Output the data below only from the line containing "Cat Strip Feeder" up to and including the line containing "High Water Published", exact and with the pictures left out.

--- DATA UNDER STUDY Enclosed Below ---

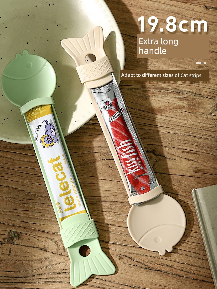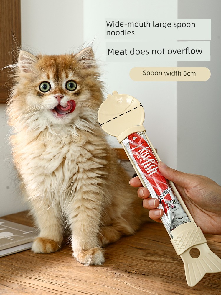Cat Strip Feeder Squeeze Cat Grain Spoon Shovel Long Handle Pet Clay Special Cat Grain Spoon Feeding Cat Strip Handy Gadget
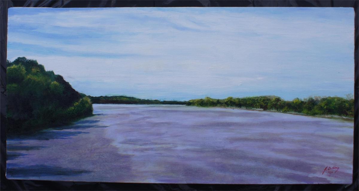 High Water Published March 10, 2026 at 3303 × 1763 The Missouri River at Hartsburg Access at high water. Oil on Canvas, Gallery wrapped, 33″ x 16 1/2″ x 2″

--- End of Enclosed DATA UNDER STUDY ---
--- DATA UNDER STUDY Enclosed Below ---

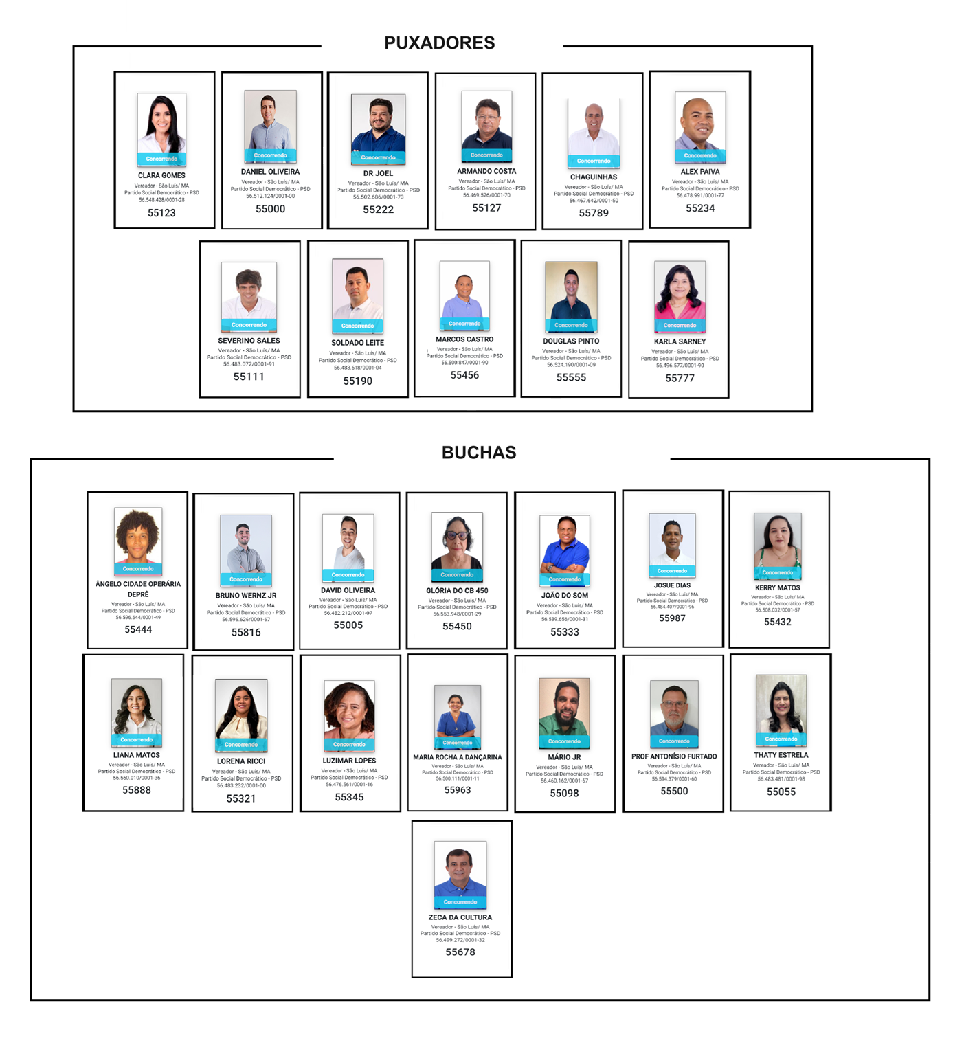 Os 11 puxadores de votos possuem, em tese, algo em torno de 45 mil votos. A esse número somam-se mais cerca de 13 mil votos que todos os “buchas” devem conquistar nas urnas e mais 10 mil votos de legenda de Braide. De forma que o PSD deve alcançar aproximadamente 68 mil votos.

--- End of Enclosed DATA UNDER STUDY ---

ANSWER SPACE -
Cat Strip Feeder Squeeze Cat Grain Spoon Shovel Long Handle Pet Clay Special Cat Grain Spoon Feeding Cat Strip Handy Gadget
 High Water Published March 10, 2026 at 3303 × 1763 The Missouri River at Hartsburg Access at high water. Oil on Canvas, Gallery wrapped, 33″ x 16 1/2″ x 2″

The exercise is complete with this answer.